Many scientific breakthroughs can only be achieved by performing complex processing of vast amounts of data efficiently. In domains as crucial to our society as climate modeling, oceanography, particle physics, seismology, or computational biology (and in fact in most fields of physics, chemistry, and biology today), scientists nowadays routinely define "scientific workflows". These workflows are complex descriptions of scientific processes as data and inter-dependent computations on these data. When executed, typically with great expenses of computing, storage, and networking hardware, these workflows can produce groundbreaking results. A famous and recent example is the workflow that was used as part of the LIGO project to confirm the first detection of gravitational waves from colliding black holes. Scientific workflows are mainstays in today's science. Their efficient execution (in terms of speed, reliability, and cost) is thus crucial. This project seeks to provide a software framework, called WRENCH (Workflow Simulation Workbench), that will make it possible to simulate large-scale hypothetical scenarios quickly and accurately on a single computer, obviating the need for expensive and time-consuming trial and error experiments. WRENCH potentially enables scientists to make quick and informed choices when executing their workflows, software developers to implement more efficient software infrastructures to support workflows, and researchers to develop novel efficient algorithms to be embedded within these software infrastructures.
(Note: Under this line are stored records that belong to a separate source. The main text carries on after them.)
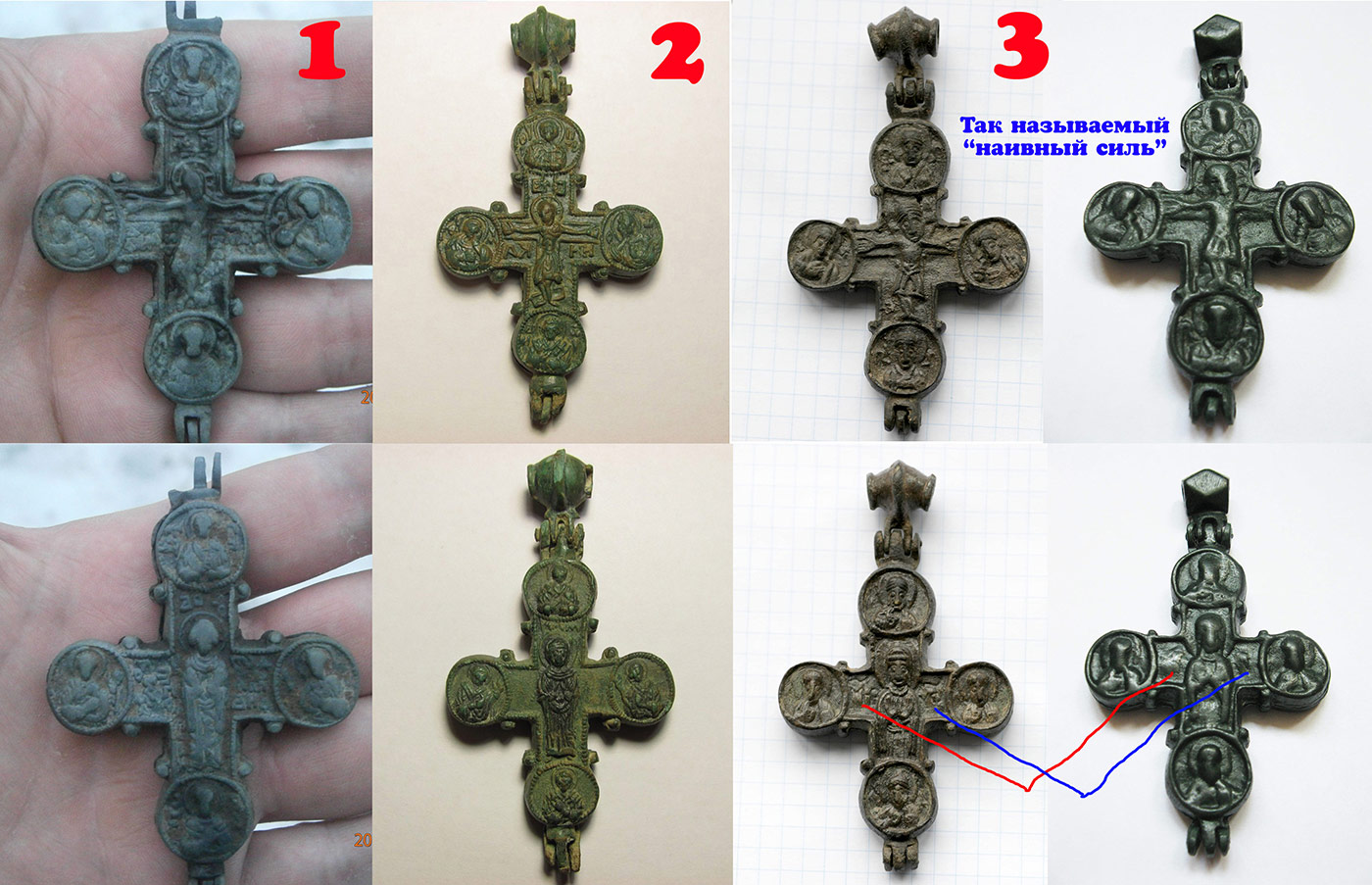 QUOTE(vorgol @ Jun 15 2017, 23:33) Jecky если разрешите , я за вас плюсану уважаемому AV.Sots-у. фраза :я вижу вы в этом понимаете.порадовала так что чуть ноги не обварил. Спасибо за отзыв! QUOTE(Калинин @ Jun 15 2017, 23:45) Думаю, не с Украины, а с Запада. Точнее - от синтеза понятий "наивное искусство" (Нико Пиросмани, Анри Руссо) и стилизации под седую древность. Стилизации, оговорюсь, относимой только к современным изделиям с "закосом" под архаику. Напр., современный крест, выполненный в нарочито архаичном, с минимумом детализации, можно считать выполненным в наивном стиле - но не истинно старинный предмет. Собственно, в научных работах термин, приведённый топикстартером, часто заменяется понятием "варваризированный", т. е. максимально упрощённый и отсылающий к простым древним формам. Напр., относящееся к "копательской" ставрографии безобразное понятие "кощейчик" наивно уже само по себе - предельно варваризированная фигура Распятого кому-то с небогатой фантазией напомнила скелет или Кощея Бессмертного... Илья, ну так так и называется - архаичный или варваризированный. А не как то по иному. По этому мне и не понятен термин "наивный стиль". По поводу Запада не знаю, но я не раз видел такую атрибуцию от ребят с Украины. При чем не раз спорил по поводу того, что крест с надписью "Богородица помогай" и данный крест, это совсем разные кресты, а не одно и то же. -------------------- Чем лучше узнаешь людей, тем больше нравятся собаки...
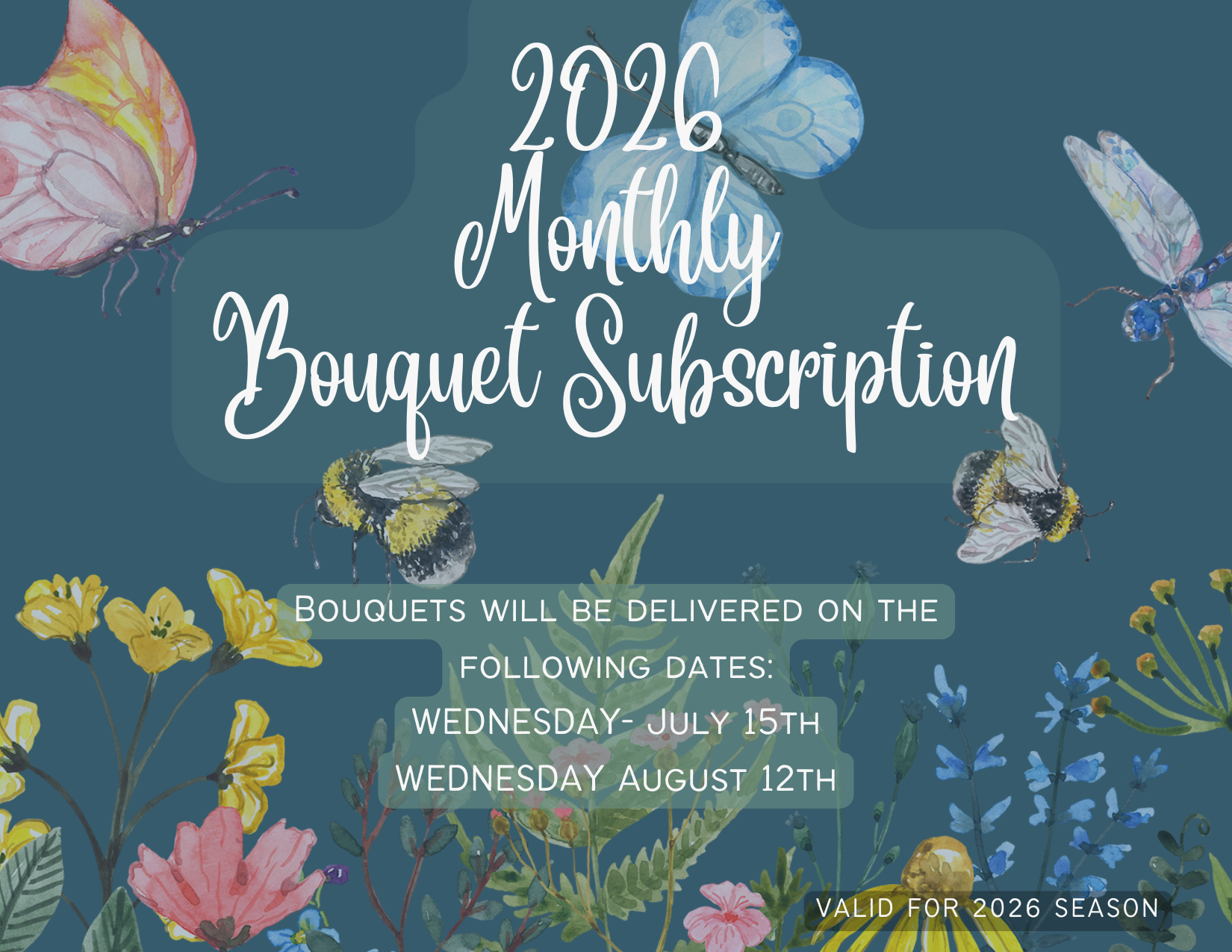Shop Categories: All Bouquet Subscriptions All | Bouquet Subscriptions | 2026 Summer Bouquet Subscription-Monthly Delivery WEDNESDAY July 15th WEDNESDAY August 12th $80.00 Sold out 2026 Summer Bouquet Subscription-Biweekly Delivery (WEDNESDAY July 8th , July 22nd, August 5th, August 19Th) $160.00 Sold out
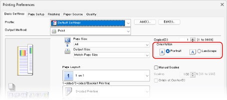 In [Orientation] on the [Basic Settings] tab, check that [Orientation] is set to the same orientation you set in Step

In addition, WRENCH makes it possible to bring scientific workflow content into undergraduate and graduate computer science curricula. This is because meaningful knowledge can be gained by students using a single computer and the WRENCH software stack, making such learning possible even at institutions without access to high-end computing infrastructures, such as many non-Ph.D.-granting and minority-serving institutions. As a result, this work will contribute to producing computer science graduates better equipped to take an active role in the advancing of science. Due to its potentially transformative impact on scientific workflow usage, development, research, and education, this project promises to promote the progress of science across virtually all its fields, ultimately resulting in broad and numerous benefits to our society.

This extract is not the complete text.